[Stored data entries]

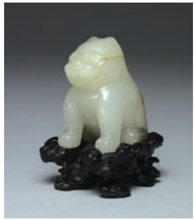
清 白玉虎 國立故宮博物院藏

這種觀念出發，便產生了本氏族圖騰的各種禁忌。譬如虎氏族的成員就嚴禁獵捕老虎，或傷害老虎。倘若捕食虎肉，就等於捕食自己的祖先。《魏書》記載，鄴城有石虎廟，北魏孝文帝太和二十年（四九六）五月，南安王楨以早祈雨於石虎廟。南安王楨告虎神像云：「三日不雨，當加鞭一百。因傷害神像，對虎神不敬，觸犯禁忌，南安王楨竟在同年五月間疽發背而身故。虎圖騰信仰，具有社會教化功能，衆生都是過客，人和虎共生，敬虎、愛虎，維護生態平衡，就是虎圖騰崇拜的原始意義。」 作者為本院圖書文獻處退休同仁
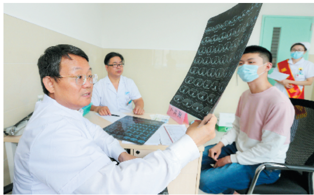
皖籍专家来濉溪义诊

在濉溪县经济社会发展的时代卷轴上，保障和改善民生，分明就是一条贯穿始终的经脉，无处不见它的生机与活力。老百姓“学有所教、劳有所得、病有所医、老有所养、住有所居”的夙愿，也一步步变成一个鲜活的场景和生动的画面。
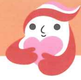
犯罪被害者等支援シンボルマーク 「ギョつとちゃん」

くまもと被害者支援センターでは、 犯罪被害者やその家族・遺族に対して、 多様な支援を行います。
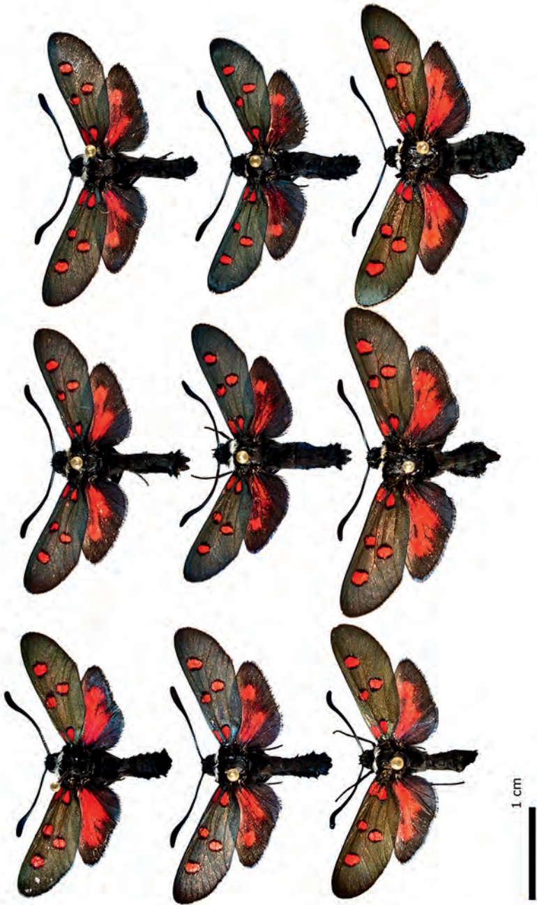
Abb. 20: Populationstype Z. lavandulae hybr., Murcia, Sra. España.
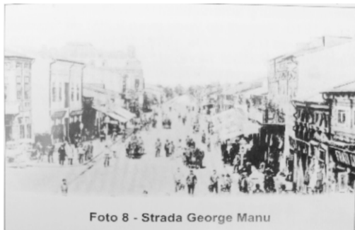
Foto 8 - Strada George Manu

Purtându-și destinul prin coclaurii lumii, fiecare, pe unde se vântură, seamănă măcar o sământă din
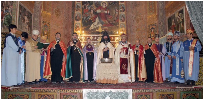
խանցեցին գերայ. Տ. Սիփան Ծ. վրդ. Քէչէճեանն ու արժն. Տ Վազգէն քինյ. Քէօշկէրեանը:

THE PROBLEM – Print every record exactly, without the pictures.

WRITTEN ANSWER –
清 白玉虎 國立故宮博物院藏

這種觀念出發，便產生了本氏族圖騰的各種禁忌。譬如虎氏族的成員就嚴禁獵捕老虎，或傷害老虎。倘若捕食虎肉，就等於捕食自己的祖先。《魏書》記載，鄴城有石虎廟，北魏孝文帝太和二十年（四九六）五月，南安王楨以早祈雨於石虎廟。南安王楨告虎神像云：「三日不雨，當加鞭一百。因傷害神像，對虎神不敬，觸犯禁忌，南安王楨竟在同年五月間疽發背而身故。虎圖騰信仰，具有社會教化功能，衆生都是過客，人和虎共生，敬虎、愛虎，維護生態平衡，就是虎圖騰崇拜的原始意義。」 作者為本院圖書文獻處退休同仁
皖籍专家来濉溪义诊

在濉溪县经济社会发展的时代卷轴上，保障和改善民生，分明就是一条贯穿始终的经脉，无处不见它的生机与活力。老百姓“学有所教、劳有所得、病有所医、老有所养、住有所居”的夙愿，也一步步变成一个鲜活的场景和生动的画面。
犯罪被害者等支援シンボルマーク 「ギョつとちゃん」

くまもと被害者支援センターでは、 犯罪被害者やその家族・遺族に対して、 多様な支援を行います。
Abb. 20: Populationstype Z. lavandulae hybr., Murcia, Sra. España.
Foto 8 - Strada George Manu

Purtându-și destinul prin coclaurii lumii, fiecare, pe unde se vântură, seamănă măcar o sământă din
խանցեցին գերայ. Տ. Սիփան Ծ. վրդ. Քէչէճեանն ու արժն. Տ Վազգէն քինյ. Քէօշկէրեանը:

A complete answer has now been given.